LISTED ENTRIES -
>>>>>
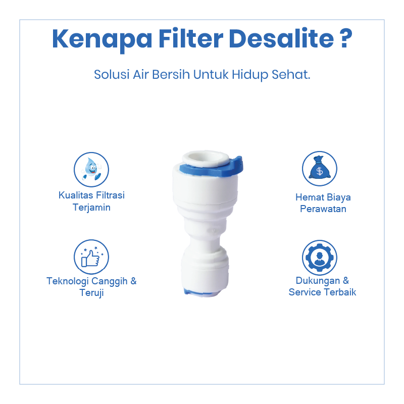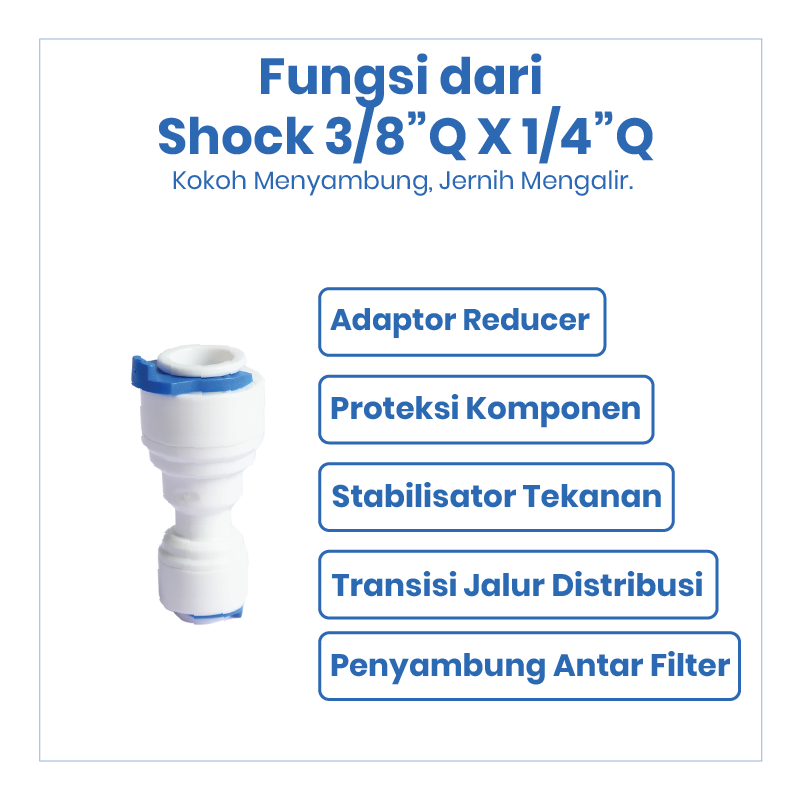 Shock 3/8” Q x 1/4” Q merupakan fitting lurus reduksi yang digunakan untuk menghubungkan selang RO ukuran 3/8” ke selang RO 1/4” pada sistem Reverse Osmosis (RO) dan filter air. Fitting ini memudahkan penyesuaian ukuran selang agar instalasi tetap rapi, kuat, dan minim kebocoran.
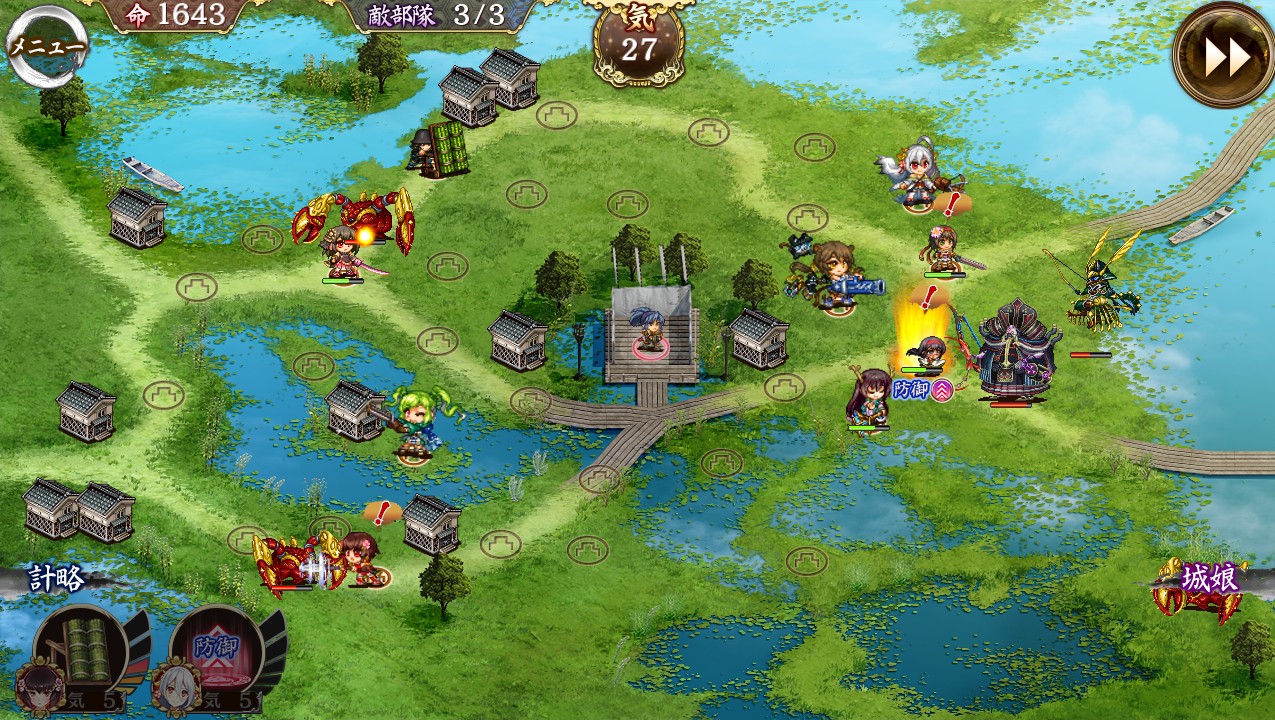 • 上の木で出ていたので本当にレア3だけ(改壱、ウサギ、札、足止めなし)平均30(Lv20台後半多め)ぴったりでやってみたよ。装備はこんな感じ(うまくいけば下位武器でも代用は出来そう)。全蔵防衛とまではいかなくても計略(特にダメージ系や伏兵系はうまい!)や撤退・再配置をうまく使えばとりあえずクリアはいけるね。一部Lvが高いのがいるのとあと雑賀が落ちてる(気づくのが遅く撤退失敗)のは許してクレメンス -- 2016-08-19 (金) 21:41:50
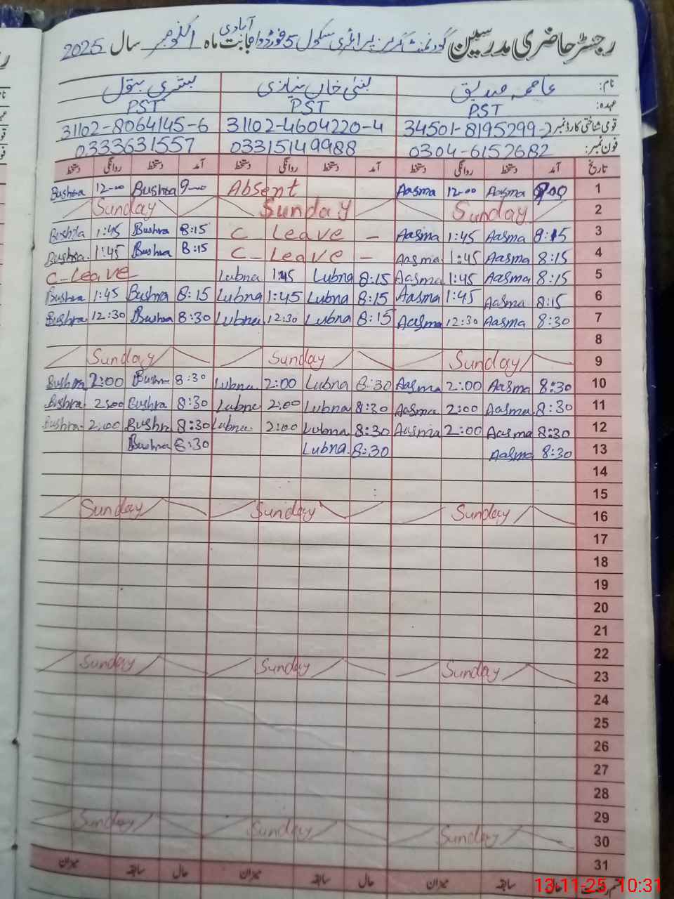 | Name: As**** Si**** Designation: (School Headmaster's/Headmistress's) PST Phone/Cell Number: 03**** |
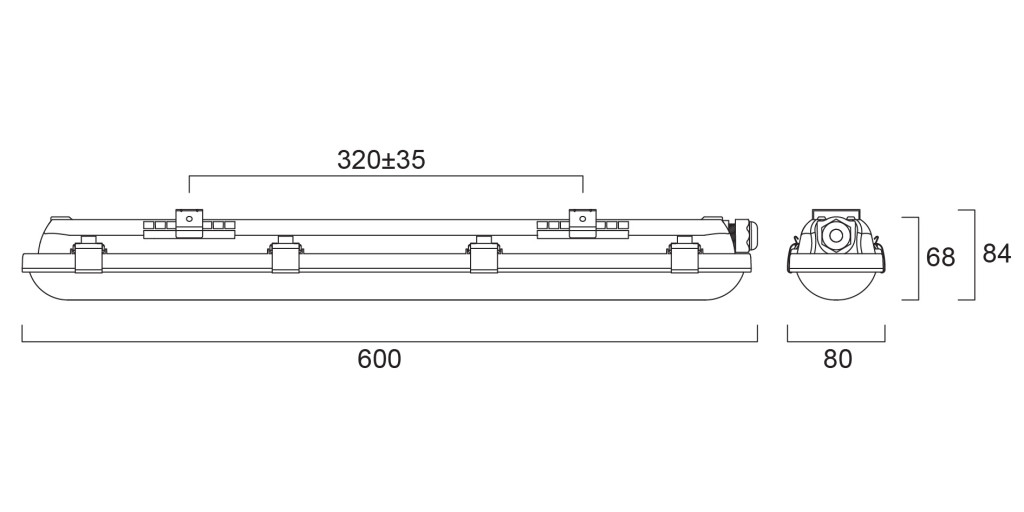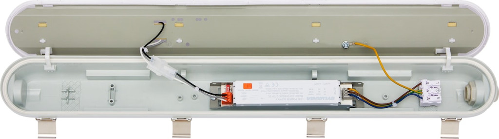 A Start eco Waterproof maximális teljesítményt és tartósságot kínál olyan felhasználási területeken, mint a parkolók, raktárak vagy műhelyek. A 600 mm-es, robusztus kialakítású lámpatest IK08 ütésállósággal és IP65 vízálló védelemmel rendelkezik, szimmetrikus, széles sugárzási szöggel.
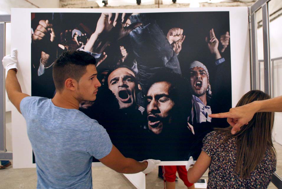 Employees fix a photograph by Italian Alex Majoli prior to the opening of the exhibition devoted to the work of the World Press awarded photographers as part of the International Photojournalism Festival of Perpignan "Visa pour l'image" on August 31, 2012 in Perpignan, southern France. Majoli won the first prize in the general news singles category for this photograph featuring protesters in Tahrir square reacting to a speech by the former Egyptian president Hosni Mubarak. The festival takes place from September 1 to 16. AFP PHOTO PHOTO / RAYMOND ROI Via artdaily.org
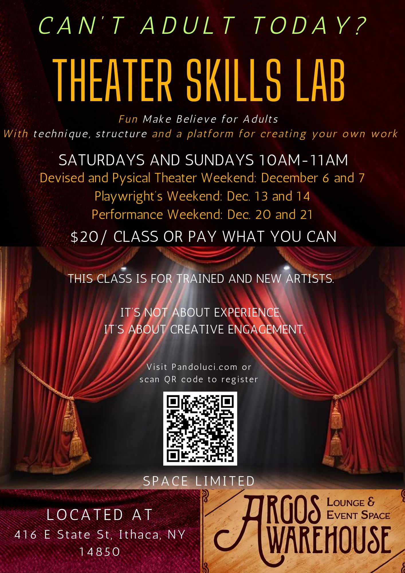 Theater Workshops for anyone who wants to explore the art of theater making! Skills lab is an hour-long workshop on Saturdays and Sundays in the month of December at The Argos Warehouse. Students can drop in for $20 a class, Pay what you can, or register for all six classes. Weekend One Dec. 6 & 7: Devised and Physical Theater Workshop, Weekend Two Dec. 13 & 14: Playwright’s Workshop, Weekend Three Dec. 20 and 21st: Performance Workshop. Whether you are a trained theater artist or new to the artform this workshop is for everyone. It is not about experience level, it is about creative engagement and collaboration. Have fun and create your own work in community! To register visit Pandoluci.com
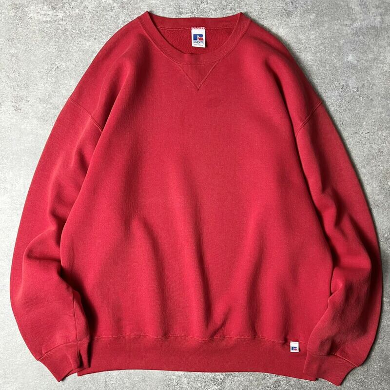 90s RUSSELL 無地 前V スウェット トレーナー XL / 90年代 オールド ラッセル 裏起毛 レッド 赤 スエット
<<<<<
>>>>>
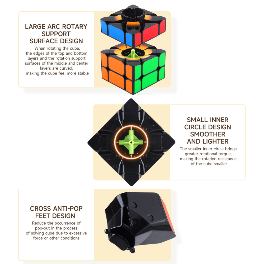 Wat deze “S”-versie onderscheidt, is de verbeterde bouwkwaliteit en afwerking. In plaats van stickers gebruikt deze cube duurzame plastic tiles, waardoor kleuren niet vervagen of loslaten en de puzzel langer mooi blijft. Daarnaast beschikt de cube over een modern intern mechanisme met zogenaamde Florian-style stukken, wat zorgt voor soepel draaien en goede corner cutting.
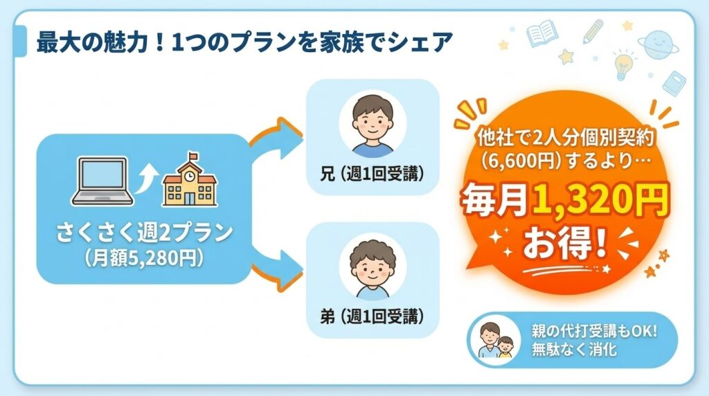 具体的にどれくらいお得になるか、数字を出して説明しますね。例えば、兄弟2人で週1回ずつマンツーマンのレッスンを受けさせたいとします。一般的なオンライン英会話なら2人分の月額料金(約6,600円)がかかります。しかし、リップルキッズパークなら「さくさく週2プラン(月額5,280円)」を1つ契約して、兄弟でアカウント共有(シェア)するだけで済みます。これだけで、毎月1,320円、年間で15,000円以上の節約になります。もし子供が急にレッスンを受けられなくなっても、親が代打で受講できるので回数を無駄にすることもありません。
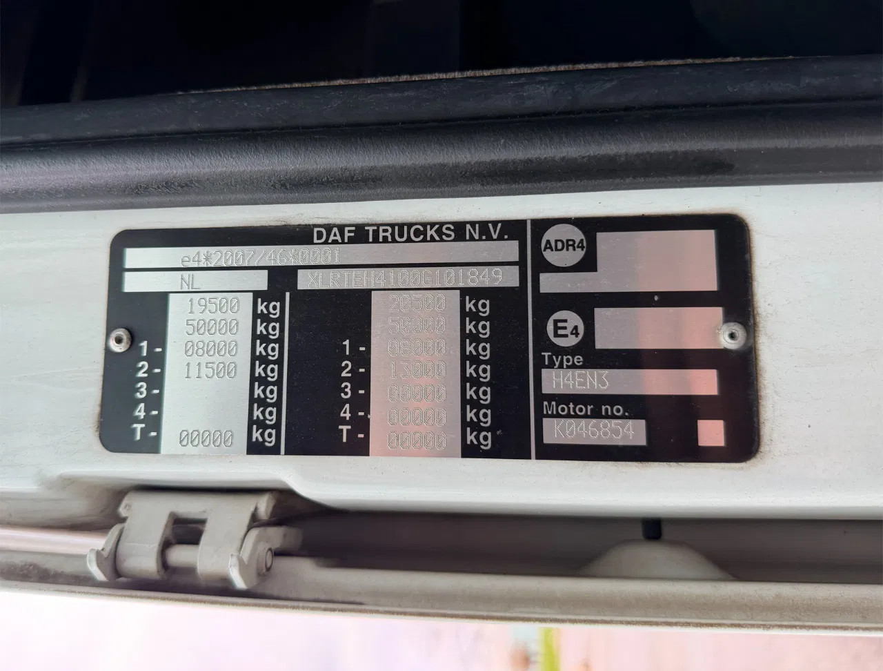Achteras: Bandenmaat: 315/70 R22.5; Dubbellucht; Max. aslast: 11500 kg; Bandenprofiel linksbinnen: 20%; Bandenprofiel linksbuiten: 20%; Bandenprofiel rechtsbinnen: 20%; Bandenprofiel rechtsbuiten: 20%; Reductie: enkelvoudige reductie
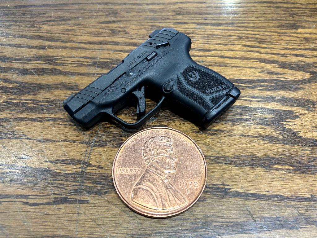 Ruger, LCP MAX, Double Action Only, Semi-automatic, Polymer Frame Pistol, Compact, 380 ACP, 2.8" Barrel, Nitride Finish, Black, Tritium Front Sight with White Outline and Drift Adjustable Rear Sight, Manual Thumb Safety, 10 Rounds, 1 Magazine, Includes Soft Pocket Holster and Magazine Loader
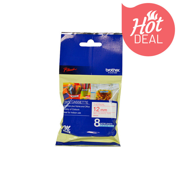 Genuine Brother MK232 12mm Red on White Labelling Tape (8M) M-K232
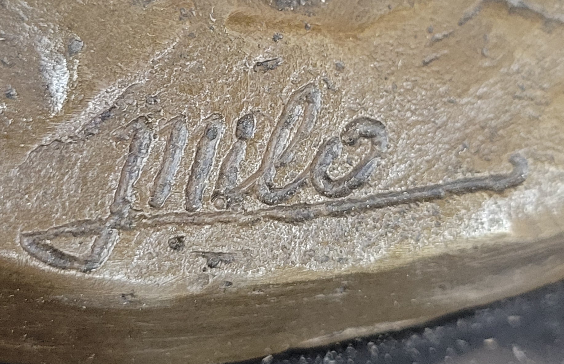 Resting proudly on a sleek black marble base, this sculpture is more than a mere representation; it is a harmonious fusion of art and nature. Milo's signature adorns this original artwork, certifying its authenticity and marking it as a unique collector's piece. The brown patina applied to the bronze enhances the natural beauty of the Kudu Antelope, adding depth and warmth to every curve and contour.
<<<<<
>>>>>
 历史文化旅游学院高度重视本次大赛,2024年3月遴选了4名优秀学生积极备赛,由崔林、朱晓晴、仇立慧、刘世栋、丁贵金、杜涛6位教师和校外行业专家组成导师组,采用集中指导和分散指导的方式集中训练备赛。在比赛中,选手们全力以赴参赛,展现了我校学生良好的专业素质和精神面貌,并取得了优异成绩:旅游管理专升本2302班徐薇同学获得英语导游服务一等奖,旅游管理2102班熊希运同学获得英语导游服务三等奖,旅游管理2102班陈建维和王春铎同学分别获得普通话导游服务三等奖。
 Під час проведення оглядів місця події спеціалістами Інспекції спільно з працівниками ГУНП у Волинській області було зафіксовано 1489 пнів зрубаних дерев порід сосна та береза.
<<<<<
PROBLEM DESCRIPTION -
Reproduce the lines above starting at the one with "Genuine Brother MK232" and ending at the one with "Resting proudly on", both included, exactly and with no pictures.

WRITTEN ANSWER -
 Genuine Brother MK232 12mm Red on White Labelling Tape (8M) M-K232
 Resting proudly on a sleek black marble base, this sculpture is more than a mere representation; it is a harmonious fusion of art and nature. Milo's signature adorns this original artwork, certifying its authenticity and marking it as a unique collector's piece. The brown patina applied to the bronze enhances the natural beauty of the Kudu Antelope, adding depth and warmth to every curve and contour.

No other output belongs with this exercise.